Una volta dimesso dovetti attendere settimane per potermi muovere e camminare, circa un anno per recuperare all’ottanta per cento l’uso del piede sinistro e la gamba destra rimase intra rotata. Questa condizione m’impedì di riprendere il karate ma potei ancora arrampicarmi sulle montagne per un paio di anni fin che i legamenti delle ginocchia e le cartilagini si logorarono per la mia postura insolita; dopo una fase lunga di apprendistato mi dedicai alla vela e per il resto della vita navigai come skipper. Ora l’età e i postumi dei 2 vecchi incidenti m’impongono lo stop. Non riesco più a saltare sulle barche. Sto a casa con mia moglie, il computer e un buon numero di libri.

Se un giorno lontano in Via 25 Aprile hai notato un quattordicenne in bicicletta gridare “ Checco” e un grosso Corvo volare dai tetti sulla sua spalla, vuol dire “che tè set dè Munticiar” e che ora hai almeno la mia avanzata età.L’amicizia e l’amore tra me e Checco nacque a Ossimo Superiore, nell’alta Val Camonica. E’ li che trascorrevo dai parenti le mie vacanze. E, oltre a lunghe camminate in montagna, i miei parenti notarono la mia curiosità rivolta ai Corvi e mi promisero che ne avrebbero preso per me uno dal nido. Quando tornai in Lambretta, il celebre motoscooter Innocenti, derivato da quelli dei Parà, vidi nel sottoscala, al buio, il grosso becco e i due occhi del corvo che mi fissarono: “Bruno, prendilo, devi essere tu che devi metterlo nello scatolone di cartone, con un buco perché possa respirare durante il viaggio di ritorno. A quel tempo la parola “Imprinting” era nota solo ai naturalisti, ma i montanari sapevano di questo comportamento di molti animali.

Sulla via del ritorno, con una media dei 35 Km/ora (tornanti vari) impiegai oltre 4 ore, mentre la testa del corvo spunta sempre dal buco del cartone legato sul portapacchi , vigile e interessato al percorso. Ogni ora mi fermavo e gli parlavo.

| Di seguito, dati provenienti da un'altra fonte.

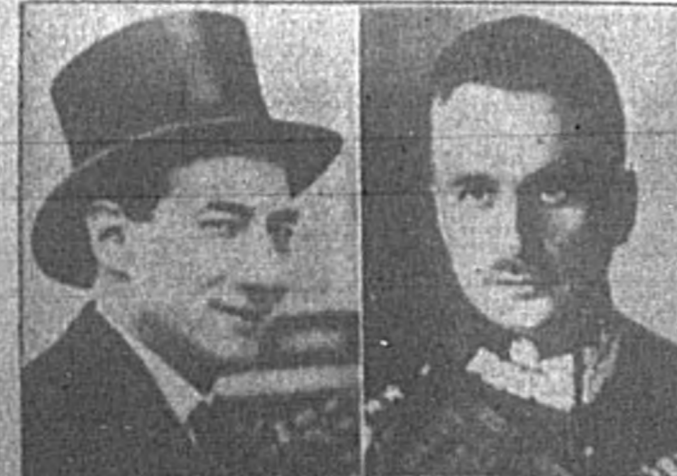
Foreign minister Joseph Beck (left) and General Kazimierz Sosnkowski (right) were prominently mentioned in the list of men regarded as in line to succeed Marshal Joseph Pilsudski, dictator of Poland, whose unexpected death, caused grave concern for the peace of Europe.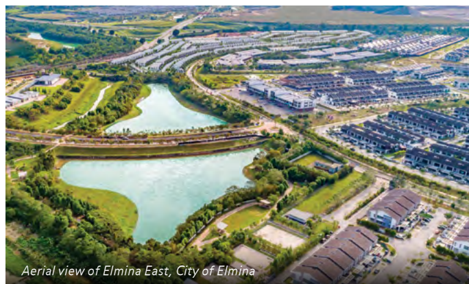
Aerial view of Elmina East, City of Elmina

Based on the Government's projection, the prospects for the economy appear to be robust in 2022, with the GDP expected to grow between 5.5 and 6.5 percent.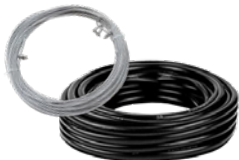
35m of Power Cable low water probe & safety cabling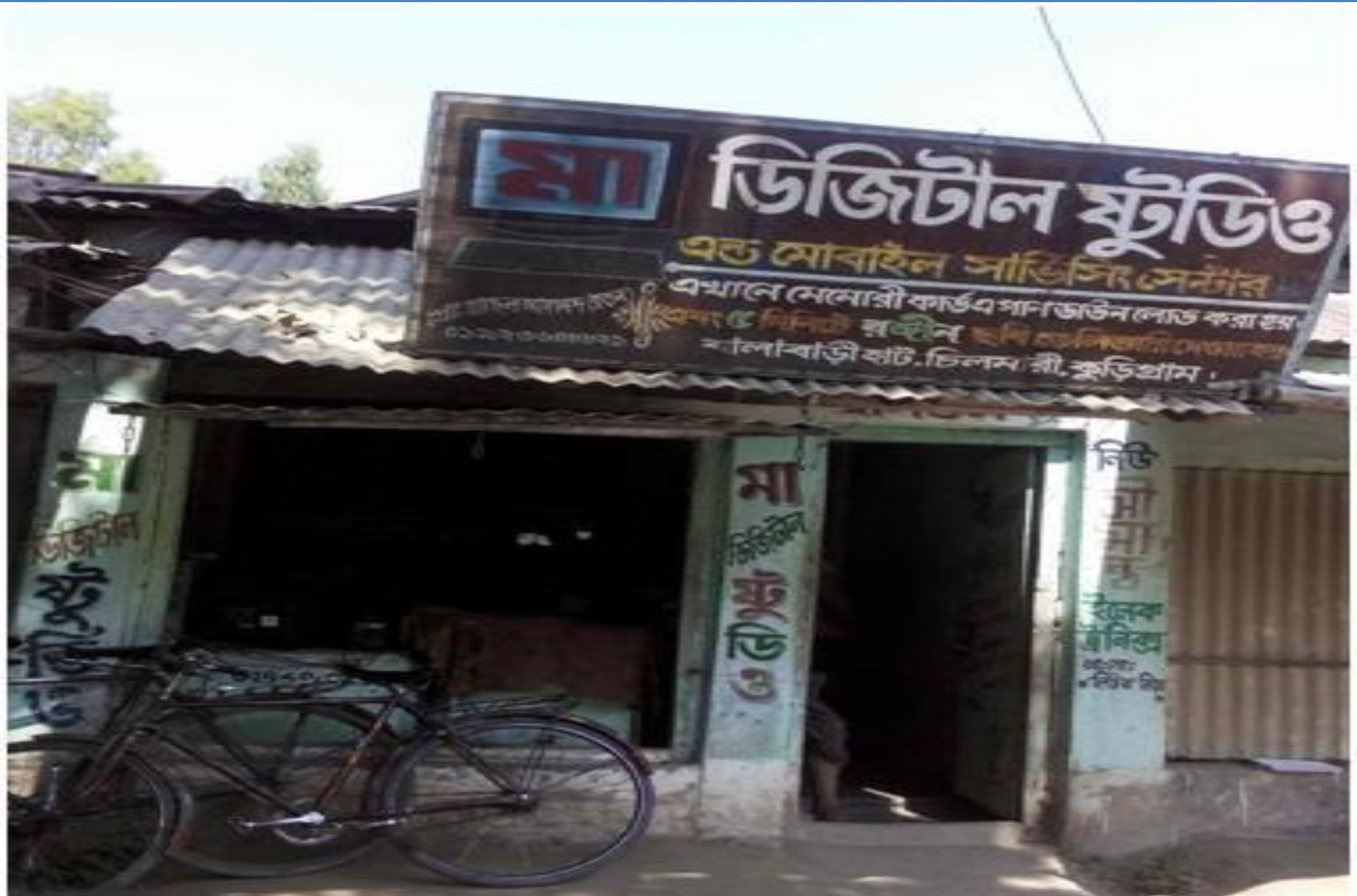
Proposed NU Business Name : Maa Digital Studio & Mobile servicing Center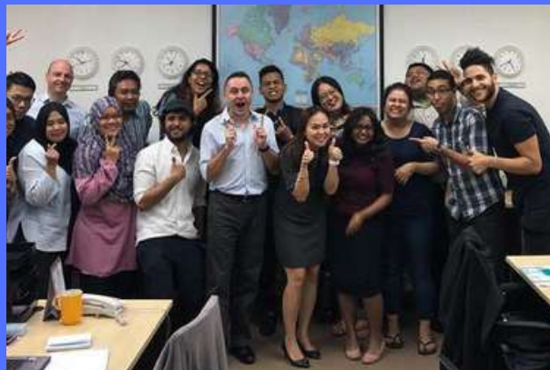
KW Group Team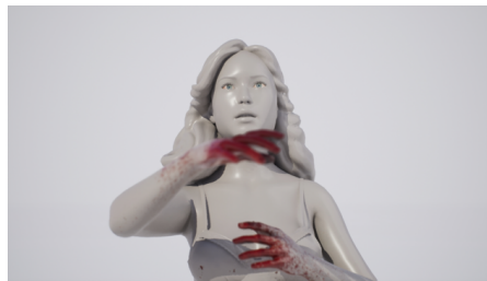
Jokanaan , 2019 Two-channel video installation, 12' 26"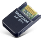
AK-BT1 Optional Bluetooth adapter for remote control via iOS/Android mobile devices

Select a recording app from the touchscreen and off you go!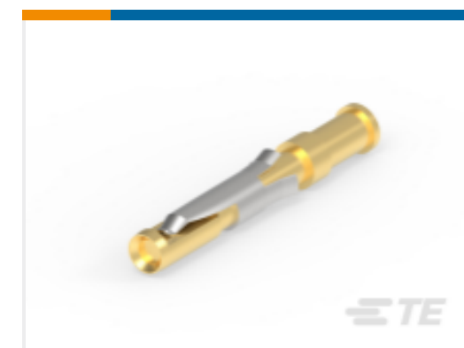
TE Part # 207896-1 CONTACT SOC. ASSY.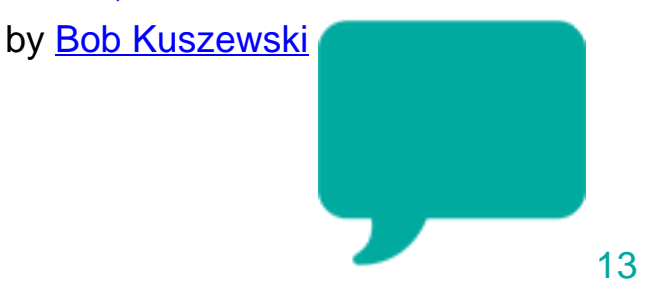
Connecting to Existing REST API without writing a Class

InterSystems announces General Availability of InterSystems IRIS, IRIS for Health, & HealthShare Health Connect 2022.1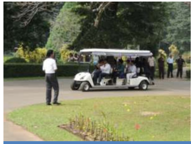
Visitors using battery operated cars at Peradeniya Botanic Garden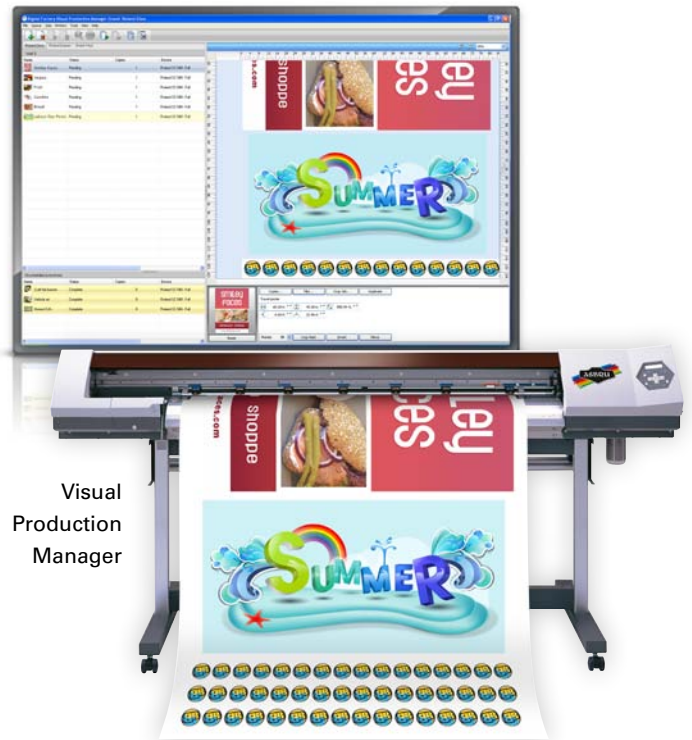
Visual Production Manager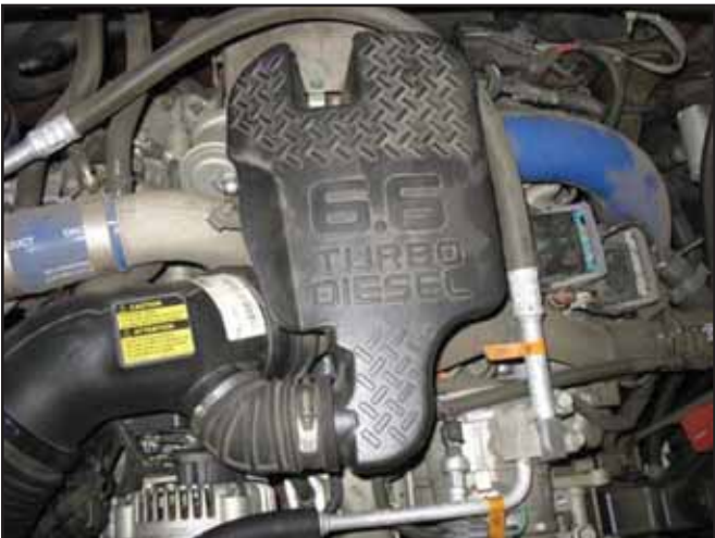
c. Lift up on the intake resonator to pop it off the mount. Loosen the hose clamps on both ends of the inlet tube.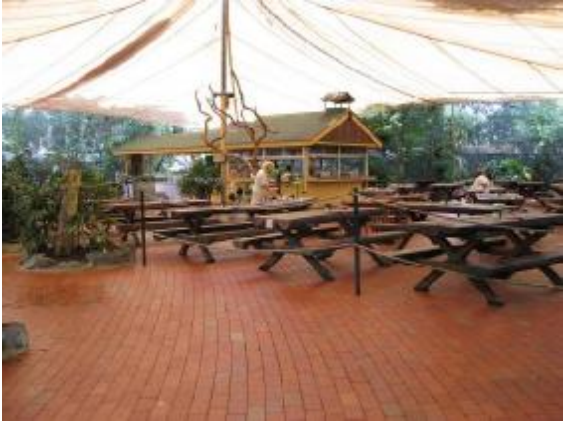
Breakfast with the birds and Lunch with the Lorikeets are other popular attractions held in the park and are must dos.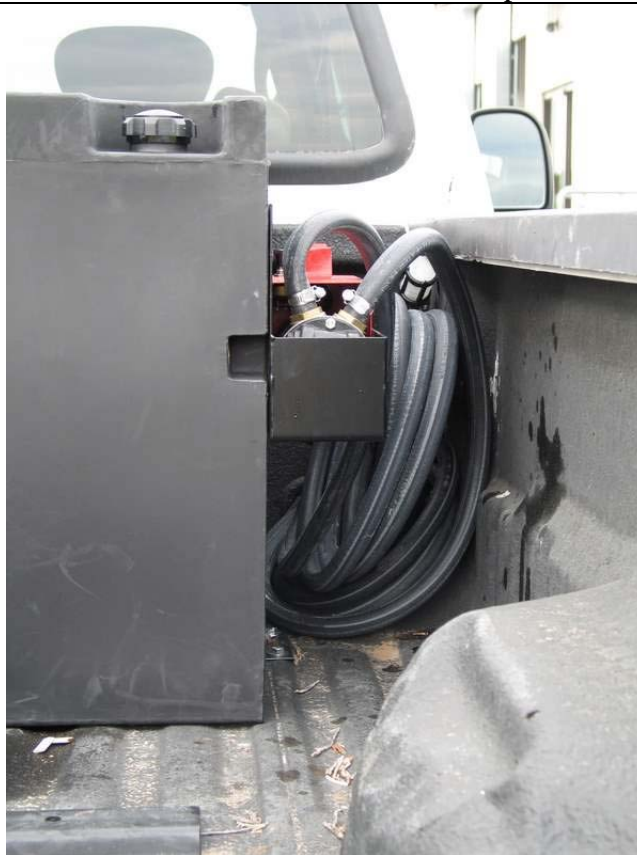
Collection and Transfer Pump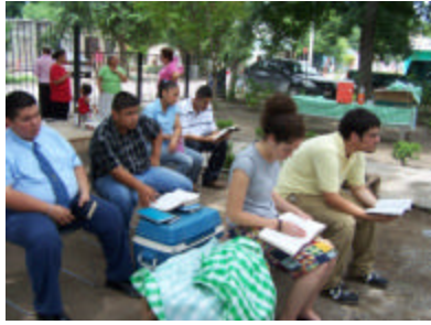
Youth Bible class at Zaragoza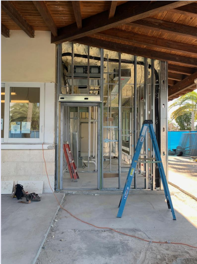
Metal stud framing/ HVAC for new addition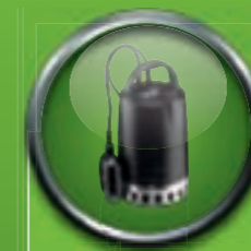
UNILIFT CC ► Submersible drainage pumps

TECHNICAL DATA ► Max. head: 55 m ► Max. flow: 4 m 3 /h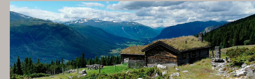
Stavåsen, a hill that's said to have been visited by St. Olav, with a view to the west towards Skjåk.

back down go through a gate, take Hovsvengen past the residential area and you should be back on Solsidevegen, the same road you took on your way up.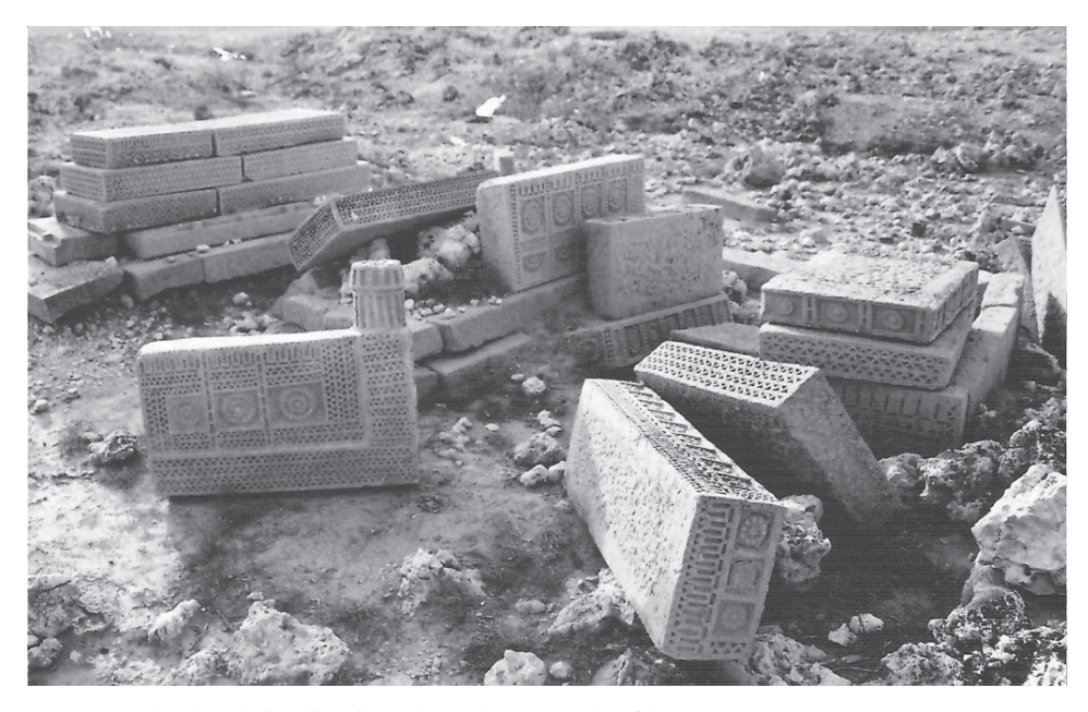
Figure 5. Dilapidated chaukhandi tombs in the necropolis of the Jats

There are more than six chaukhandi tombs which depict jewellery and therefore belong to women. It was the custom among the tribes to bury their men and women in the same necropolis; women were given space near their deceased husbands or sons. There is a variety of jewellery chiselled into the dislodged slabs scattered through the necropolis; for instance, the centre of the panel in Figure 6 is occupied by a necklace. Above this there is the sanghar patti (head ornament with pendants) mostly worn by Jat women; two nose rings are depicted close to the pendants of the sanghar patti and two pairs of bracelets on each side of it; three finger rings appear on each side of the necklace.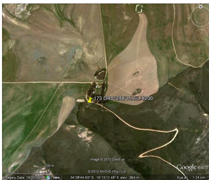
Figure 4: Aerial view of existing borrow pit and expropriation area (Google earth image, October 2012)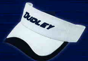
WHITE VISOR Item# 46-122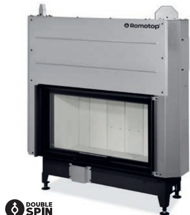
HEAT 3G L 88.50.04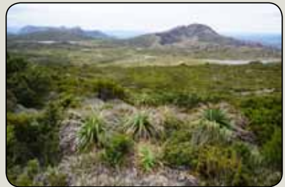
Looking north over the King William II Plateau.

Second, an ascent of the King Williams – another remote, high alpine plateau, rarely visited, just south of the Lyell Highway. It was reached via a tough, hazardous climb over Slatter's Peak, described in the Abels Guide to Tasmania's high alpine peaks as 'not for the faint hearted'.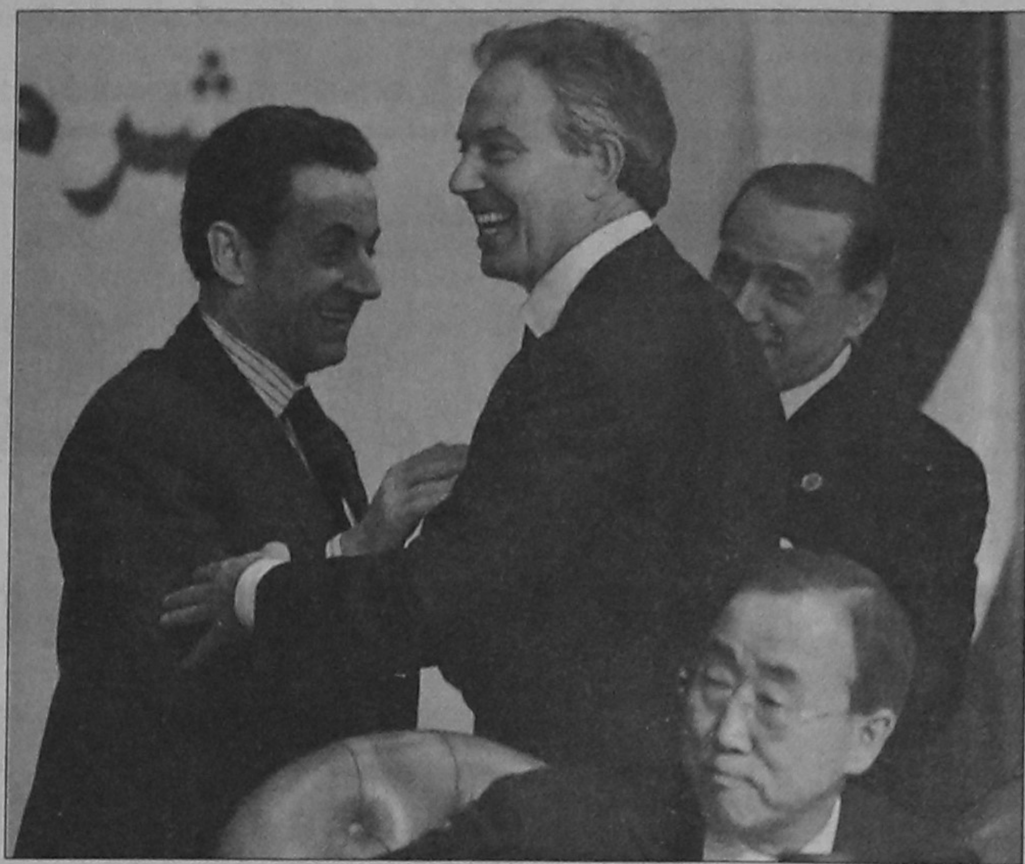
French President Nicolas Sarkozy (L) greets Middle East Quartet envoy Tony Blair (C) as UN Secretary General Ban Ki-moon is seen seated prior to the opening session of the international donors conference for rebuilding the Gaza Strip, in the Egyptian Red Sea resort town of Sharm el-Sheikh yesterday.

Speaking in Gaza City, he said Hamas would not accept any "politicised" reconstruction aid -- a reference to demands by the West that the Islamists renounce violence and recognise Israel and past peace deals in return for diplomatic engagement.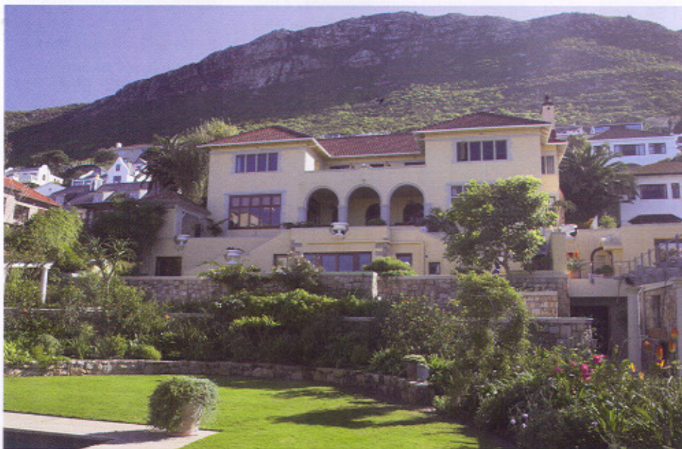
Rodwell House in St James, Cape Town, where Eco-Insulation was installed to stabilise demand for heating and cooling.

Rodwell House is an upmarket guesthouse in St James, Cape Town. Being close to the sea and east facing, the building receives an early morning dose of sun but goes into the shade by early afternoon when the sun slips behind the Kalk Bay mountains that form part of the Silvermine section of Table Mountain National Park.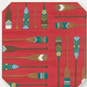
Oars - 19912 13 / B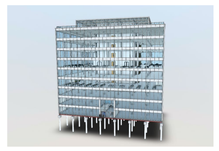
Figure 1 External view of building information model (created by HKA)

After designers and project stakeholders have created digital representations of built assets they can share and combine the models. Users are able to view and interact with the design information. Building information models act as digital rehearsals of construction, which helps manage project risk. If designs are coordinated, it reduces the risk of delay.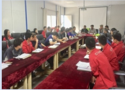
Migration Management team during meeting with main contractor ( MW1 & MW2) , regarding labor issues

Establishment of Vocational Training Schools both for males and females at Dasu HPP are proposed to be constructed in the long term program of Livelihood. Therefore, as immediate step, vocational training of male affectees of Dasu HPP, WAPDA has arranged 6 months Vocational Training Program from July, 2017 to December, 2017 for Project Affectees to enhance their skills for the betterment of their livelihoods. Total 20 participants have completed their training in different trades from ATIN, NLC Mandra, District Rawalpindi. Four (04) batches of Dasu affectees have already completed their training in different trades from ATIN NLC. Dina since December 2013.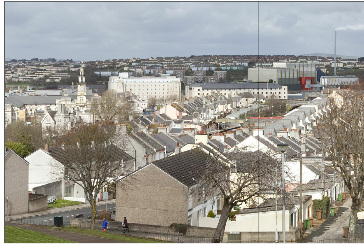
Proposed view 19 with plume from stack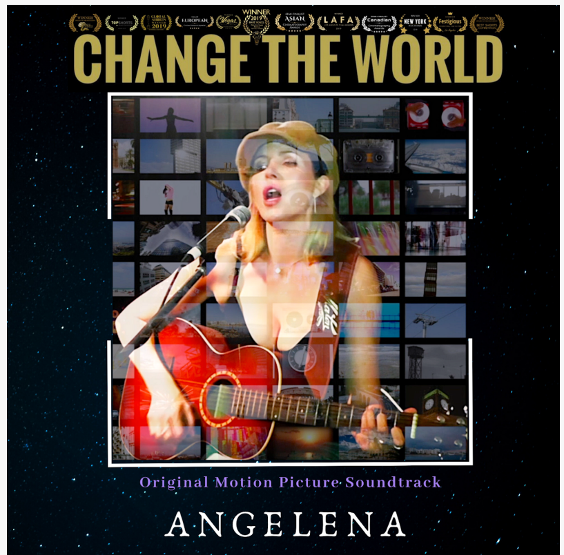
Change The World - Available Now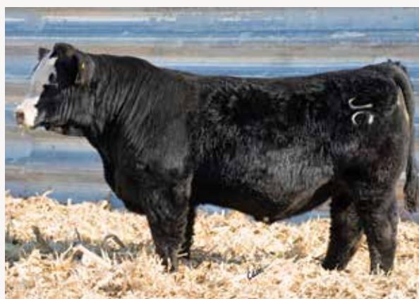
J&C Relentless G922

A baldy by Relentless out of our proven donor T85. He leaves little doubt as to why we flush this cow still to this day. He's a raggedly constructed, big hipped bull with a long stride and eye appeal.

Nella tappa sul lago d’Iseo comprai due pesche, una per me e una rotta in tre pezzi che Checco – il diminutivo camuno di Francesco- ingollò felice. Da allora fummo amici: a casa lo lasciai libero in cortile, da dove ogni tanto decollava per i primo voli, poi iniziò le sue battaglie coi vicini di casa, volando nelle finestre , e quando lo trovavano in camera da letto, mentre trafugava monetine, anellini e tutto ciò che brilla erano guai. Sorpreso dai padroni di casa sul comò allargava le ali spalancando il becco emettendo un furioso Craa-craa ! Solo con la scopa tornava in cortile per infilare il maltolto nei buchi della vecchia muraglia. Dovevamo recuperare gli oggettini e le monete e scusarci ogni volta con i vicini. Durante un’influenza che mi tenne a letto per tre giorni Checco rimase appollaiato sul capezzale ininterrottamente ; mia madre ogni tanto doveva pulire i guano che cadeva a terra.Ogni mattina, saliva nella mia camera e mi svegliava beccando con delicatezza il lobo dell’orecchio e sentivo il suo fiato caldo sulla faccia. Insomma eravamo una coppia affiatata, anche nel senso letterale. Ubbidiva e si lasciava pendere solo da me. I guai aumentarono quando prese l’abitudine di divertirsi a fare cadere in terra i bicchieri lasciati vuoti dai clienti dell’osteria sul tavolo di cemento in cortile. Prendeva col becco il picchiere vuoto, zampettava sull’orlo e lo lasciava perché si frantumasse in terra: a quel rumore di vetri infranti allargava le ali e emetteva dei felici Craa –Craa, vere e proprie risate.

I miei genitori, stanchi dei lamenti dei vicini mi convinsero a prenderlo e io; come Giuda, lo chiamai dal tetto e lui si pose sulla mia spalla e lo consegnai a dei contadini che erano giunti per “portarlo in campagna”. Sapevo che non lo avrei perso per sempre. Seppi poi che fu ucciso a sassate dai ragazzi della cascina.